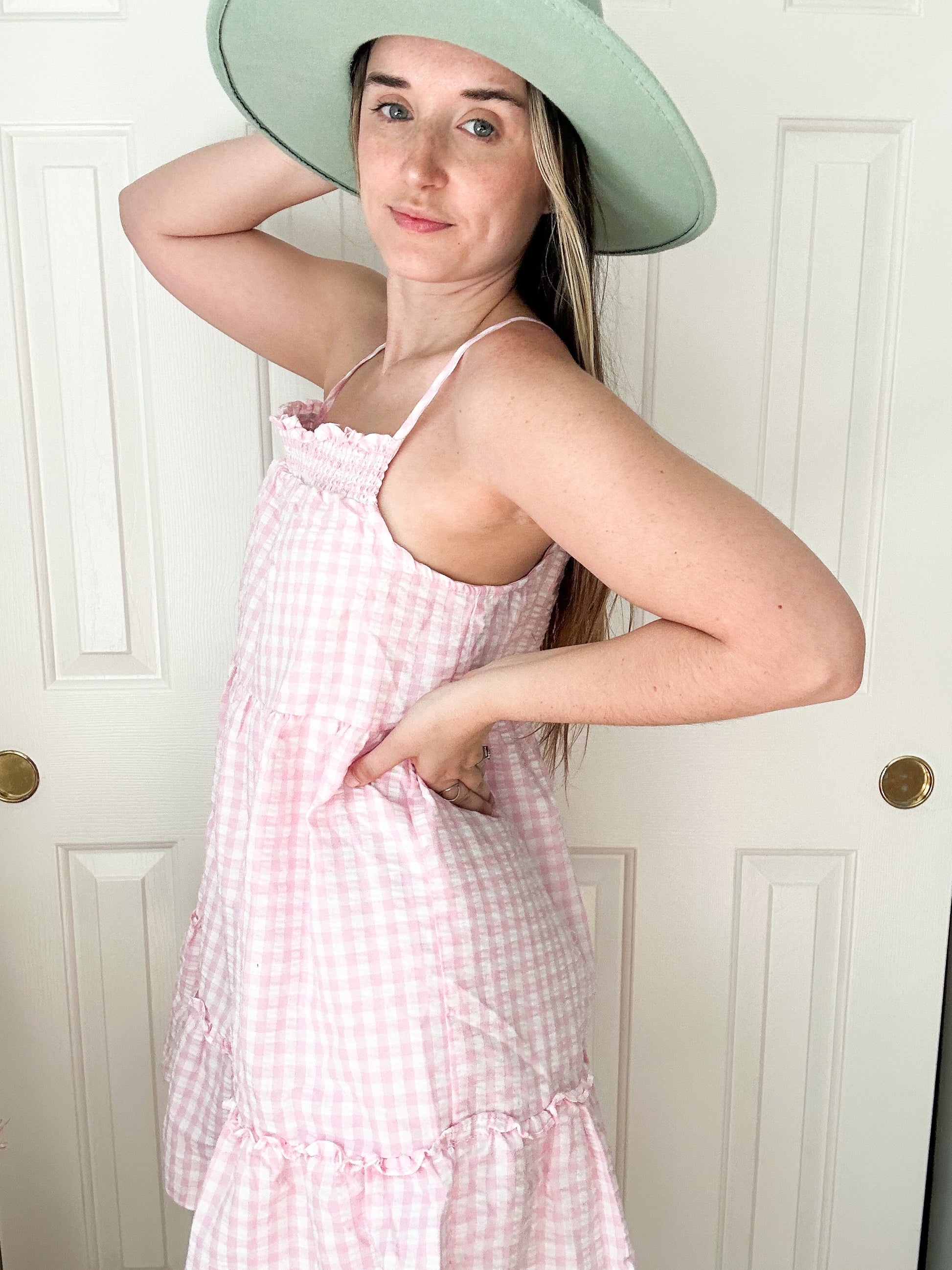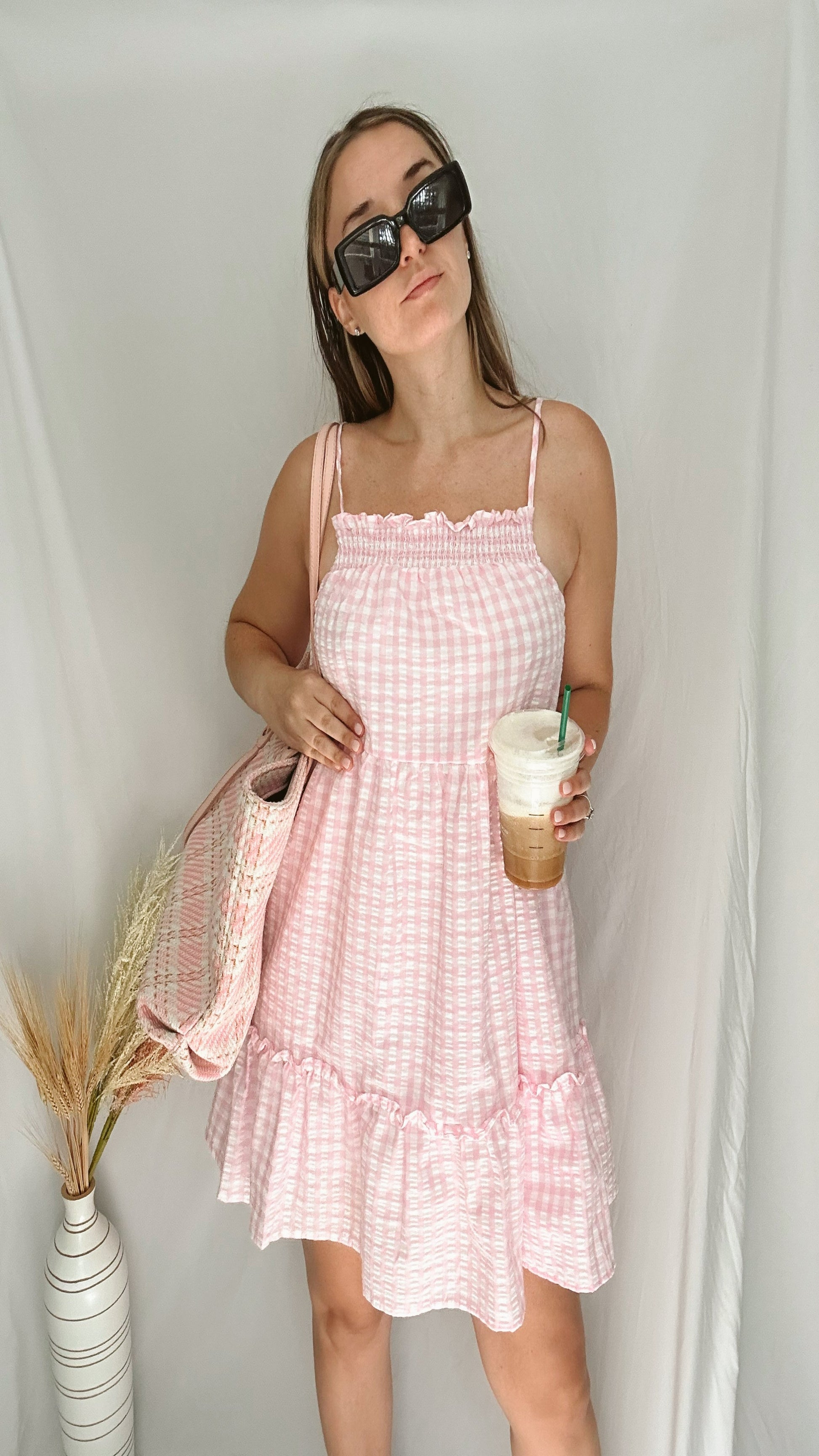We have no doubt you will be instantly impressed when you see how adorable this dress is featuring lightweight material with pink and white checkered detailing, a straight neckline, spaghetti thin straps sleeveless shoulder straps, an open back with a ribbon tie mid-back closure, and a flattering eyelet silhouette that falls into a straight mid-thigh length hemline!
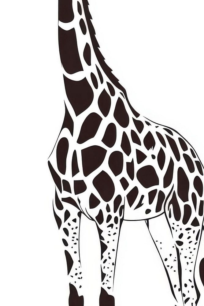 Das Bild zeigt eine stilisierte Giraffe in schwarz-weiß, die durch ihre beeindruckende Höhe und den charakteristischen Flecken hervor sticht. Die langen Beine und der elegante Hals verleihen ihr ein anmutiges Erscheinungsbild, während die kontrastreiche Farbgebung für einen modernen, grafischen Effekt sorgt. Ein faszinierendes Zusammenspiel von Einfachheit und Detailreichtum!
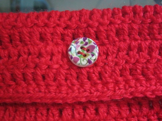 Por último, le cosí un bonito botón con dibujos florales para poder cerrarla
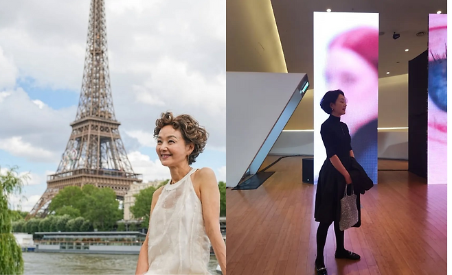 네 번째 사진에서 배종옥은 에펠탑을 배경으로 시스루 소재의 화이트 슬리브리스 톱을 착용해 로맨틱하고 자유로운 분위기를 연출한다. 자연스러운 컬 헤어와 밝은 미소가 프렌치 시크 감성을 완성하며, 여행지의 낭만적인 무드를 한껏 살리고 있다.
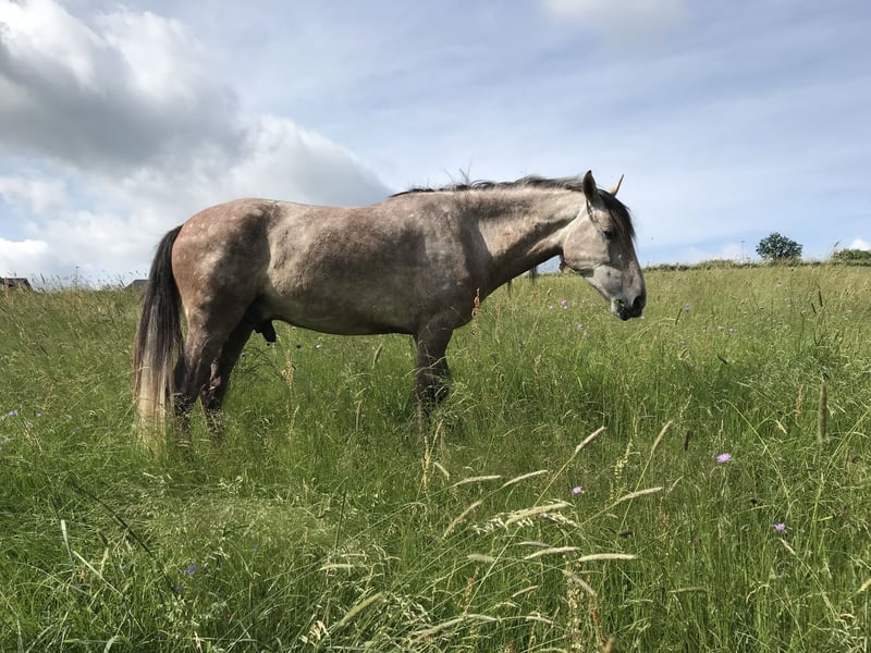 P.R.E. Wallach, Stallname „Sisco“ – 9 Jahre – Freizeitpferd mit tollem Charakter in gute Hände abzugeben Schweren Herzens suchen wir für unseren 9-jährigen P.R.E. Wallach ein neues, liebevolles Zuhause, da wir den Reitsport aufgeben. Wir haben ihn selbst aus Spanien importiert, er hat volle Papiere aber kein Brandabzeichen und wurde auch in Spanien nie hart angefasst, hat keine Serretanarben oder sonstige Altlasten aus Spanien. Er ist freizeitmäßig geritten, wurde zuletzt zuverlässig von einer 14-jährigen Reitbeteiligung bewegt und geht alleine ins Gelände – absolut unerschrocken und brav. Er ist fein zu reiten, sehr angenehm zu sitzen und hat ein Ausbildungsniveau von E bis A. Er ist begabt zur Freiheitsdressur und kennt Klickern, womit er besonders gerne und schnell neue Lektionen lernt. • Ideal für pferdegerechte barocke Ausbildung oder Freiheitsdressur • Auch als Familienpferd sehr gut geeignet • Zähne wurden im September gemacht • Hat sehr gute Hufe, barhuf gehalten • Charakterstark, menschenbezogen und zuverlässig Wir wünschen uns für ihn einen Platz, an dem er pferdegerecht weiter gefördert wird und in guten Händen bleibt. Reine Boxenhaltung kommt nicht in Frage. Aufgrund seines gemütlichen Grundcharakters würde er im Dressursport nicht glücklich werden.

> [Try it] Please return the whole listing exactly. Do not copy its images.

> [Exercise result]
We have no doubt you will be instantly impressed when you see how adorable this dress is featuring lightweight material with pink and white checkered detailing, a straight neckline, spaghetti thin straps sleeveless shoulder straps, an open back with a ribbon tie mid-back closure, and a flattering eyelet silhouette that falls into a straight mid-thigh length hemline!
 Das Bild zeigt eine stilisierte Giraffe in schwarz-weiß, die durch ihre beeindruckende Höhe und den charakteristischen Flecken hervor sticht. Die langen Beine und der elegante Hals verleihen ihr ein anmutiges Erscheinungsbild, während die kontrastreiche Farbgebung für einen modernen, grafischen Effekt sorgt. Ein faszinierendes Zusammenspiel von Einfachheit und Detailreichtum!
 Por último, le cosí un bonito botón con dibujos florales para poder cerrarla
 네 번째 사진에서 배종옥은 에펠탑을 배경으로 시스루 소재의 화이트 슬리브리스 톱을 착용해 로맨틱하고 자유로운 분위기를 연출한다. 자연스러운 컬 헤어와 밝은 미소가 프렌치 시크 감성을 완성하며, 여행지의 낭만적인 무드를 한껏 살리고 있다.
 P.R.E. Wallach, Stallname „Sisco“ – 9 Jahre – Freizeitpferd mit tollem Charakter in gute Hände abzugeben Schweren Herzens suchen wir für unseren 9-jährigen P.R.E. Wallach ein neues, liebevolles Zuhause, da wir den Reitsport aufgeben. Wir haben ihn selbst aus Spanien importiert, er hat volle Papiere aber kein Brandabzeichen und wurde auch in Spanien nie hart angefasst, hat keine Serretanarben oder sonstige Altlasten aus Spanien. Er ist freizeitmäßig geritten, wurde zuletzt zuverlässig von einer 14-jährigen Reitbeteiligung bewegt und geht alleine ins Gelände – absolut unerschrocken und brav. Er ist fein zu reiten, sehr angenehm zu sitzen und hat ein Ausbildungsniveau von E bis A. Er ist begabt zur Freiheitsdressur und kennt Klickern, womit er besonders gerne und schnell neue Lektionen lernt. • Ideal für pferdegerechte barocke Ausbildung oder Freiheitsdressur • Auch als Familienpferd sehr gut geeignet • Zähne wurden im September gemacht • Hat sehr gute Hufe, barhuf gehalten • Charakterstark, menschenbezogen und zuverlässig Wir wünschen uns für ihn einen Platz, an dem er pferdegerecht weiter gefördert wird und in guten Händen bleibt. Reine Boxenhaltung kommt nicht in Frage. Aufgrund seines gemütlichen Grundcharakters würde er im Dressursport nicht glücklich werden.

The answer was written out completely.